### Task details
Starting at the line with "Gemüsenapf, eck., Zwiebelmuster, kobaltblau, weißer" and ending at the line with "Не прилипающая пена", print exactly the lines of the entries below. Pictures do not belong in the copy.

### Records for processing
━━━━━━━━━━━━━━━━
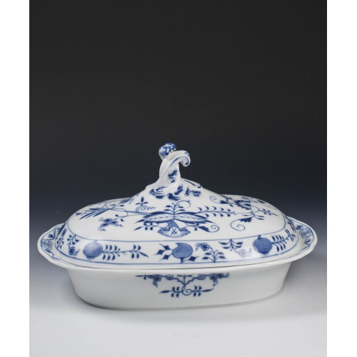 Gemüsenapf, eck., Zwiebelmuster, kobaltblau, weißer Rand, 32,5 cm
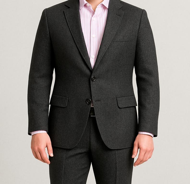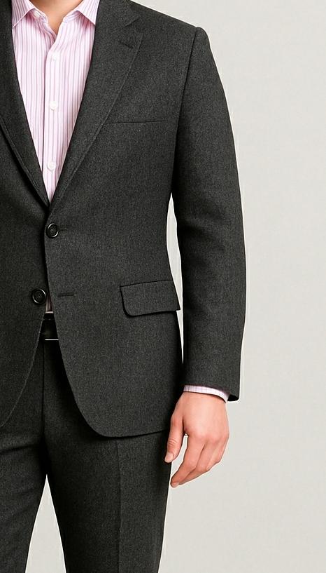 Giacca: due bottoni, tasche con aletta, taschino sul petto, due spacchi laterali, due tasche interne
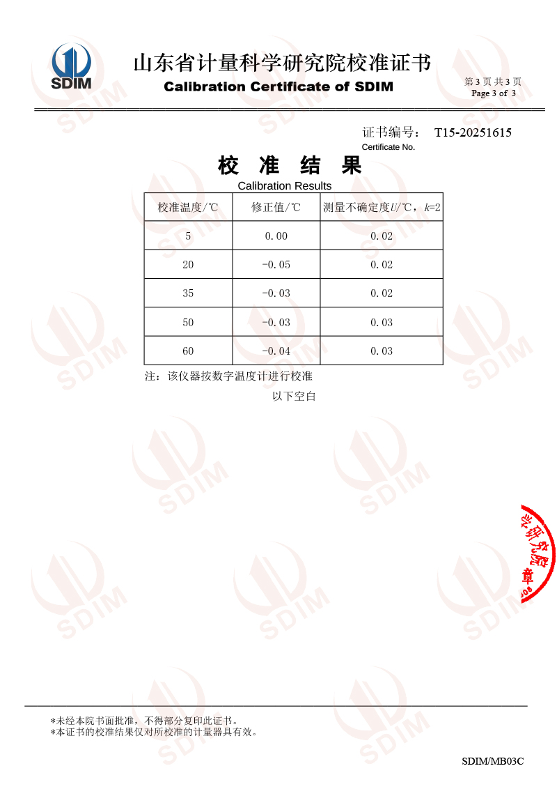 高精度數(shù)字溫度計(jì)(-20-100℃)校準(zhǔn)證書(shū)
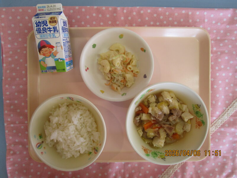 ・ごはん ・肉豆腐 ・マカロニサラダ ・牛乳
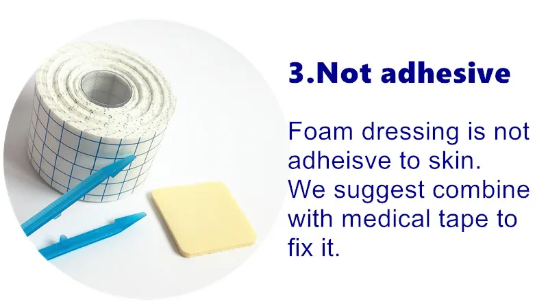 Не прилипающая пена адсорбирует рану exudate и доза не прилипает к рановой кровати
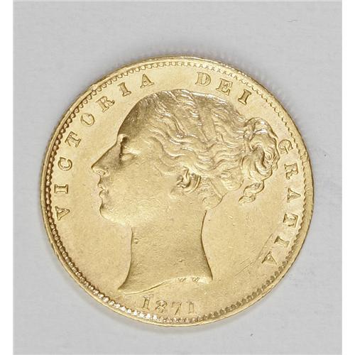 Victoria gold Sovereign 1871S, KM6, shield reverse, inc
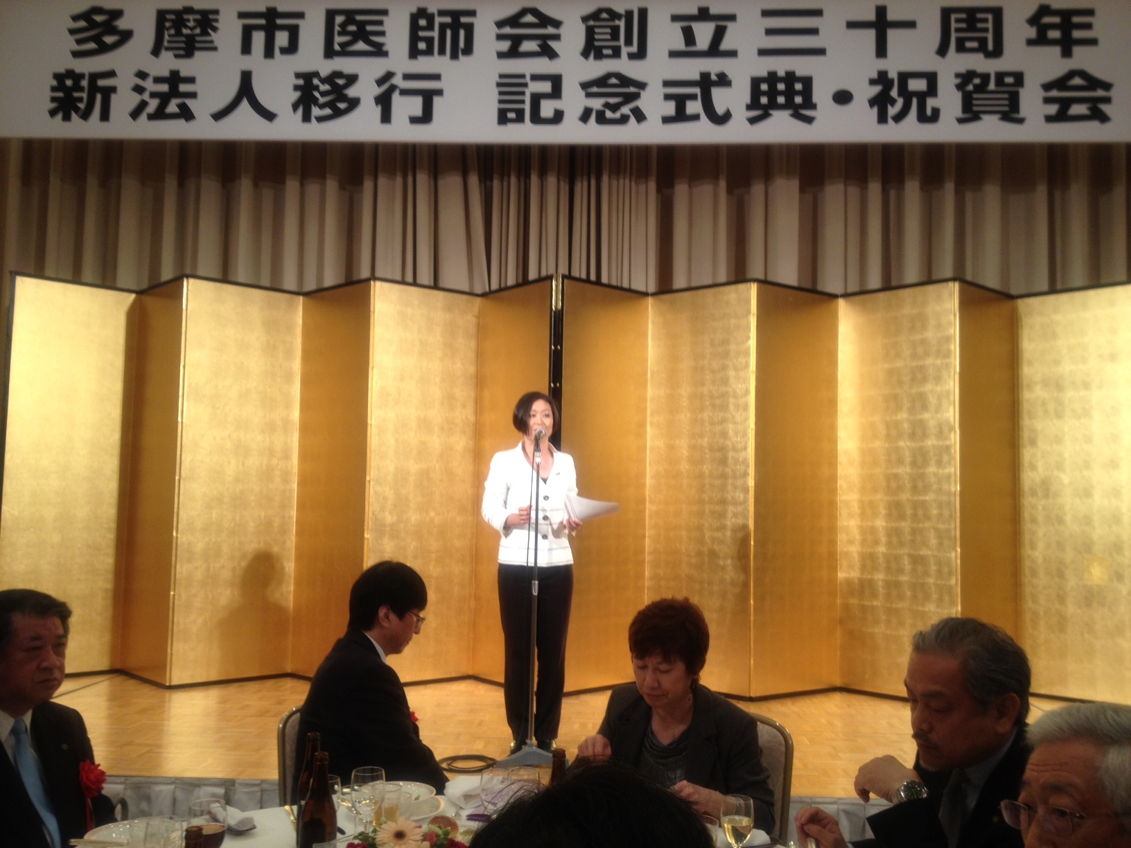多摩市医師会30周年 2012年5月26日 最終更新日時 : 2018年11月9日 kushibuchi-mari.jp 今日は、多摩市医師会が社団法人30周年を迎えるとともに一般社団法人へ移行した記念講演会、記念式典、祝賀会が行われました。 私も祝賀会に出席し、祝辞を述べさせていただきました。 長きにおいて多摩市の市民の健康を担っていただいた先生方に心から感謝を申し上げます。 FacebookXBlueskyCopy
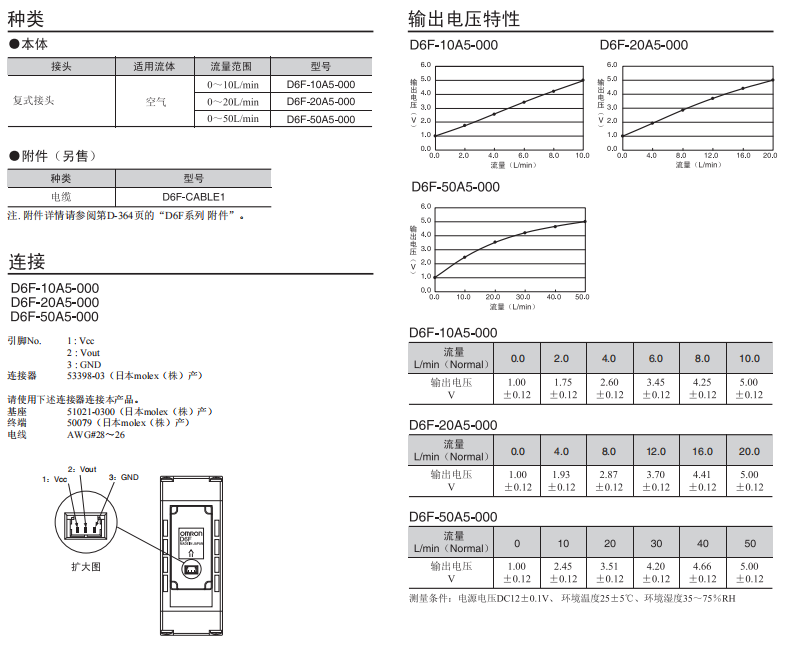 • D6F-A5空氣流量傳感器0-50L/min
━━━━━━━━━━━━━━━━
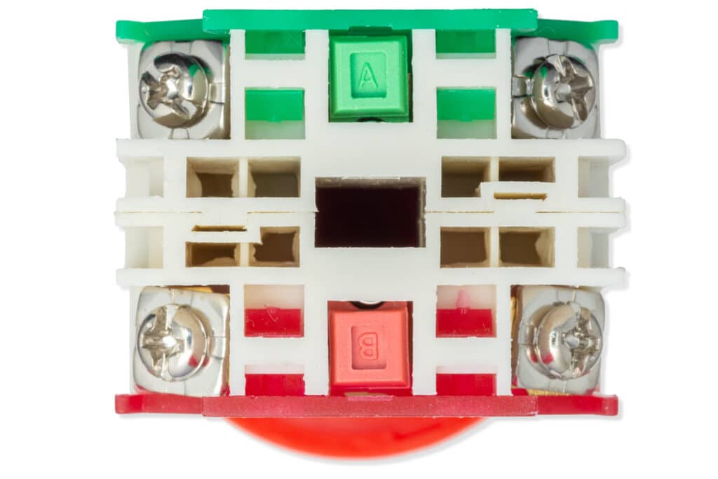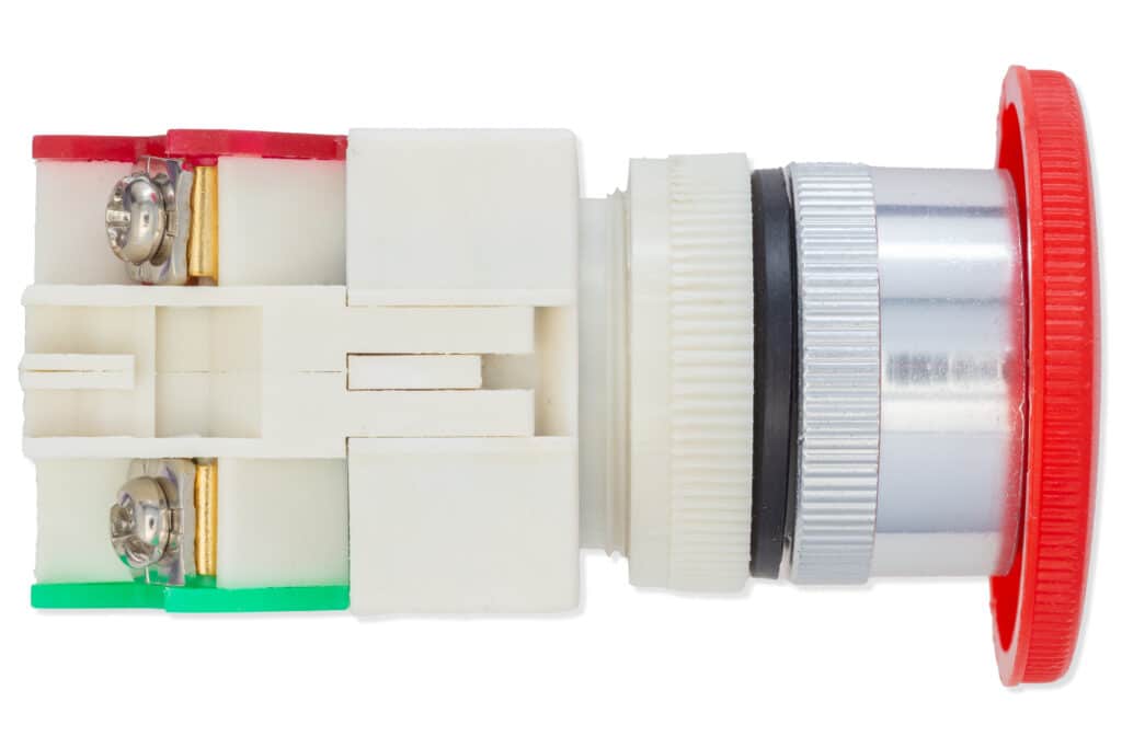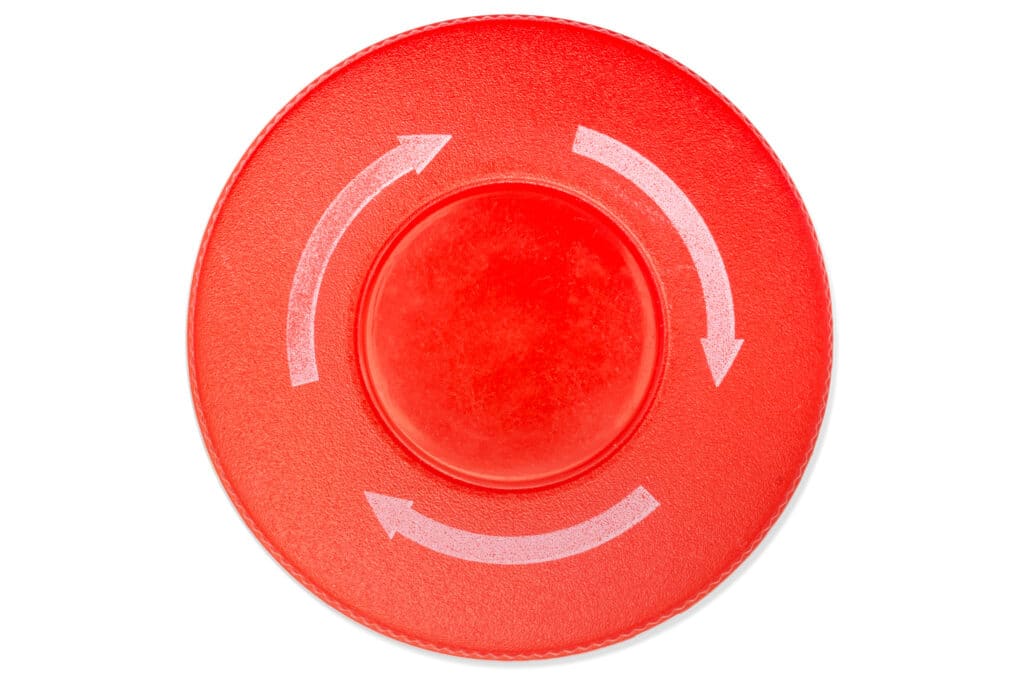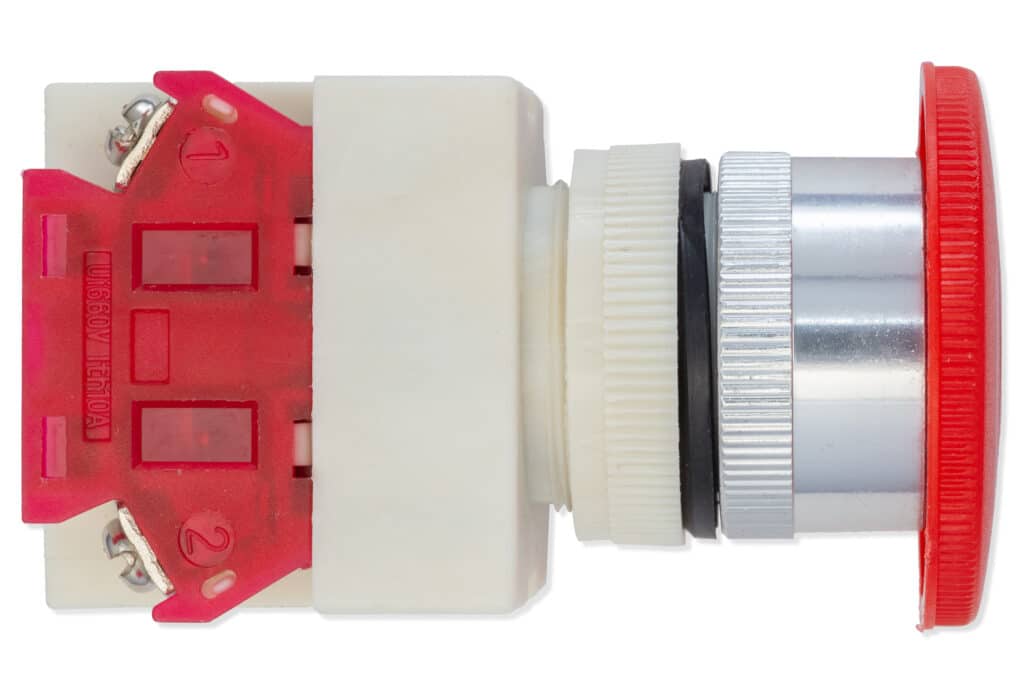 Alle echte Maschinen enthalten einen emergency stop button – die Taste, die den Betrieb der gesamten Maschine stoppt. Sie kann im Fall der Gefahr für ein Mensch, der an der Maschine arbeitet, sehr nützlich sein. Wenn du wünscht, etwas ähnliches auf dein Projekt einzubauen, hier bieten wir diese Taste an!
━━━━━━━━━━━━━━━━
### Solution to this task
 Gemüsenapf, eck., Zwiebelmuster, kobaltblau, weißer Rand, 32,5 cm
 Giacca: due bottoni, tasche con aletta, taschino sul petto, due spacchi laterali, due tasche interne
 高精度數(shù)字溫度計(jì)(-20-100℃)校準(zhǔn)證書(shū)
 ・ごはん ・肉豆腐 ・マカロニサラダ ・牛乳
 Не прилипающая пена адсорбирует рану exudate и доза не прилипает к рановой кровати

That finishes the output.